TRY IT ▸ When you repeat the material, keep each line exact and omit the pictures.

SOURCE MATERIAL ▸
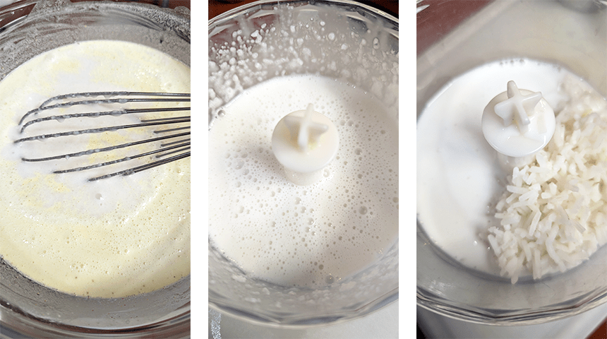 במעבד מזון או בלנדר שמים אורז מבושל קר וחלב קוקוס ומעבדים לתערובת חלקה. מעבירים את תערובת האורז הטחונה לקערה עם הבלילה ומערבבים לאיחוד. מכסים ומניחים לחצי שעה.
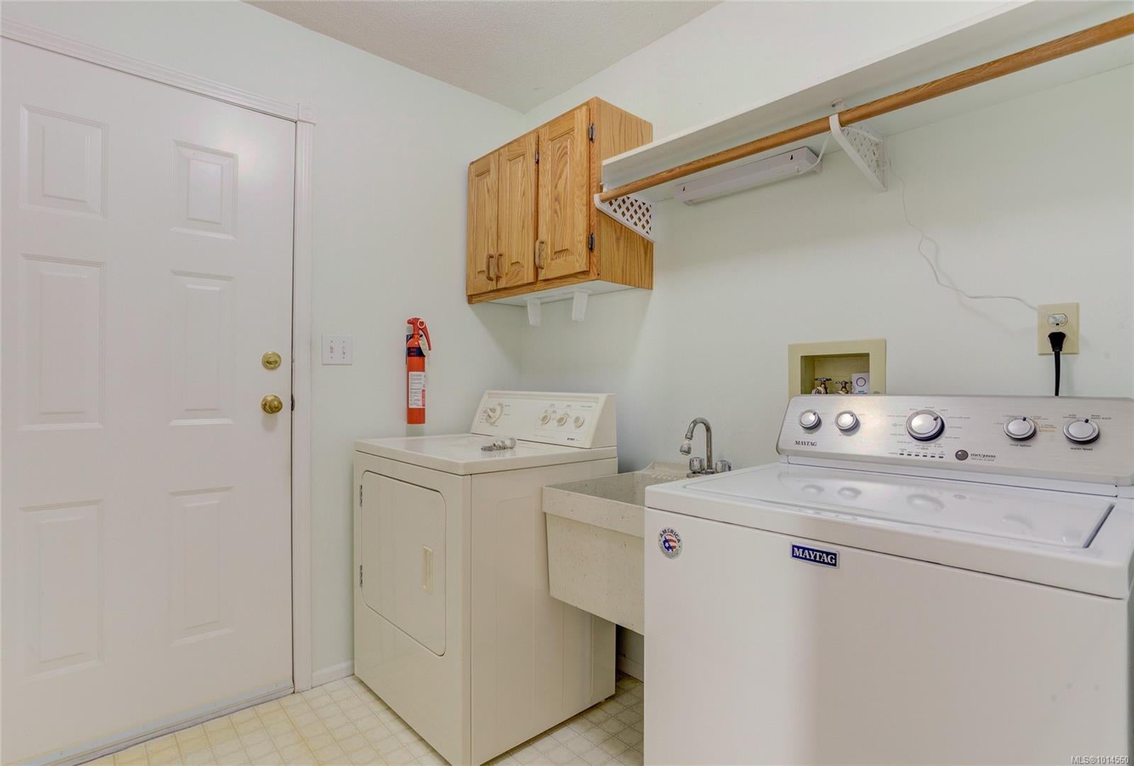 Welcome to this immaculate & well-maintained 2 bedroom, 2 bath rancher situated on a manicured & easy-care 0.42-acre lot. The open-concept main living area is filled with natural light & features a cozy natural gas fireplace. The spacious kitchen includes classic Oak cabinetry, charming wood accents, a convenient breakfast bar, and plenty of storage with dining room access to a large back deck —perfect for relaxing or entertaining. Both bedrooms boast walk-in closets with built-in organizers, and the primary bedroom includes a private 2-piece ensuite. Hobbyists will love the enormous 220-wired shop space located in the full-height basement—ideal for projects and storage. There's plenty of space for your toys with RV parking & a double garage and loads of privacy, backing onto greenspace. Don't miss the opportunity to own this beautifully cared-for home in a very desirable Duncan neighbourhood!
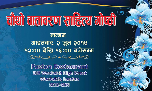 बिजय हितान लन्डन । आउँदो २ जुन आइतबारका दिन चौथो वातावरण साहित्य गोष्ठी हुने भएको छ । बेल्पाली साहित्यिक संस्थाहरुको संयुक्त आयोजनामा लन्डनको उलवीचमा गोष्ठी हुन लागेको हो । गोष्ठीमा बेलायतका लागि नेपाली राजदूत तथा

RESULT OF THIS EXERCISE ▸
 במעבד מזון או בלנדר שמים אורז מבושל קר וחלב קוקוס ומעבדים לתערובת חלקה. מעבירים את תערובת האורז הטחונה לקערה עם הבלילה ומערבבים לאיחוד. מכסים ומניחים לחצי שעה.
 Welcome to this immaculate & well-maintained 2 bedroom, 2 bath rancher situated on a manicured & easy-care 0.42-acre lot. The open-concept main living area is filled with natural light & features a cozy natural gas fireplace. The spacious kitchen includes classic Oak cabinetry, charming wood accents, a convenient breakfast bar, and plenty of storage with dining room access to a large back deck —perfect for relaxing or entertaining. Both bedrooms boast walk-in closets with built-in organizers, and the primary bedroom includes a private 2-piece ensuite. Hobbyists will love the enormous 220-wired shop space located in the full-height basement—ideal for projects and storage. There's plenty of space for your toys with RV parking & a double garage and loads of privacy, backing onto greenspace. Don't miss the opportunity to own this beautifully cared-for home in a very desirable Duncan neighbourhood!
 बिजय हितान लन्डन । आउँदो २ जुन आइतबारका दिन चौथो वातावरण साहित्य गोष्ठी हुने भएको छ । बेल्पाली साहित्यिक संस्थाहरुको संयुक्त आयोजनामा लन्डनको उलवीचमा गोष्ठी हुन लागेको हो । गोष्ठीमा बेलायतका लागि नेपाली राजदूत तथा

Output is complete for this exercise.